Radios 411 and 412 dynamically send or receive signals (TX and/or RX signals) to/from external devices 421 and 422, respectively. Although generalized in the illustration of FIG. 1A, the external devices as shown in FIG. 4 by elements 421 and 422 may include one or more external switches, amplifiers, or filters, for example. Similar to radios 413 and 414, radios 411 and 412 provide TX/RX indicators to their respective external devices 421 and 422 along with radio status and tuning data. The external devices 421 and 422 are configured to provide TX/RX indicators and radio status and tuning data to the multicoupler.

The external devices 421 and 422 dynamically send or receive signals (TX and/or RX signals) between radios 411 and 412 the multicoupler 430 (i.e., the TX/RX interfaces at the multicoupler are illustrated at RF-R1 and RF-R2).

Each of the radios 411, 412, 413, and 414 are configured to receive blanking/status signals from the multicoupler or external devices. The external devices 421 and 422 are configured to receive blanking/status signals from the multicoupler and in turn send blanking/status signals to the radios 411 and 412. Blanking of the radios 411, 412, 413, and 414 may be carried out substantially as described in paragraphs above.

The multicoupler is configured with dynamic decision-making logic, as shown at 431, 432, 433, and 434. For example, dynamic decisions dictate RF control operations of the multicoupler 430 as well as blanking signals that are sent towards the radios 411, 412, 413, and 414 based on contextual information gathered from the radios. The contextual information includes spectrum usage information, which may indicate parameters to be used by each of the radios or by groups of radios deployed at the RF communications platform for sending or receiving transmissions. For example, the contextual information may include RF information obtained via the RF-R1, RF-R2, RF-R3, and RF-R4 interfaces, as well as TX/RX indicators and status/tune data.

In the example shown in FIG. 4, the dynamic decision-making logic 431 considers contextual information associated with radio 411. If appropriate, to mitigate active or impending interference, the logic 431 controls blanking/status signals for any one of the radios 411, 412, 413, or 414, or external devices 421 or 422. Alternatively, or additionally, the logic 431 controls RF energy using one of the techniques available to the multicoupler. If no interference is detected, the decision making logic 431 may continue monitoring the contextual information.
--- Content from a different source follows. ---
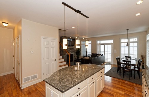 The kitchen, dining and living room, and ½ bath are located on the first floor; a beautiful open space with natural light where you can prepare your meals, dine, and sit on the cozy couch around the gas fireplace to watch TV or relax with a cup of coffee.

The dynamic decision-making logic 432, 433, and 433 may operate in a similar manner, each respectively considering contextual information associated with radios 412, 413, and 414.

Importantly, FIG. 4 illustrates examples of signals that serve as inputs to the spectrum controller. Radio 414, for instance, includes a dedicated output 454 for the spectrum controller. The dedicated output provides a direct interface with the spectrum controller such that the spectrum controller is readily able to obtain, e.g., status/tune data, TX/RX indicators, and other RF parameters from the radio 414. The external device 421 includes an auxiliary output that can be utilized by the spectrum controller to harvest spectrum usage data from the external device or from the radio 412 that is connected to the external device. Furthermore, the RF multicoupler itself includes also includes an auxiliary output that provides spectrum usage data for use by the spectrum controller.

It should be appreciated that conceivably any output between components (e.g. radios, filters, multicouplers, emitters, jammers, radars, etc.) presents an opportunity for an input to the spectrum controller. An electrical engineer will understand that the harvesting of information by the spectrum controller is more easily done using digital interfaces (using techniques such as Y cables, sampling, tapping, buffering to signal regeneration, with impedance matching as needed) than it is done with RF interfaces. When implementing the proposed spectrum controller in an existing system, interfaces between components may be repurposed such that the spectrum controller can obtain the holistic information required. Dedicated and “designed-in” interfaces, such as output 454, for example, may present less difficulty to the design engineer, while processing techniques may be necessary to harvest spectrum usage data from RF interfaces that are not purposefully designed to accommodate the spectrum controller.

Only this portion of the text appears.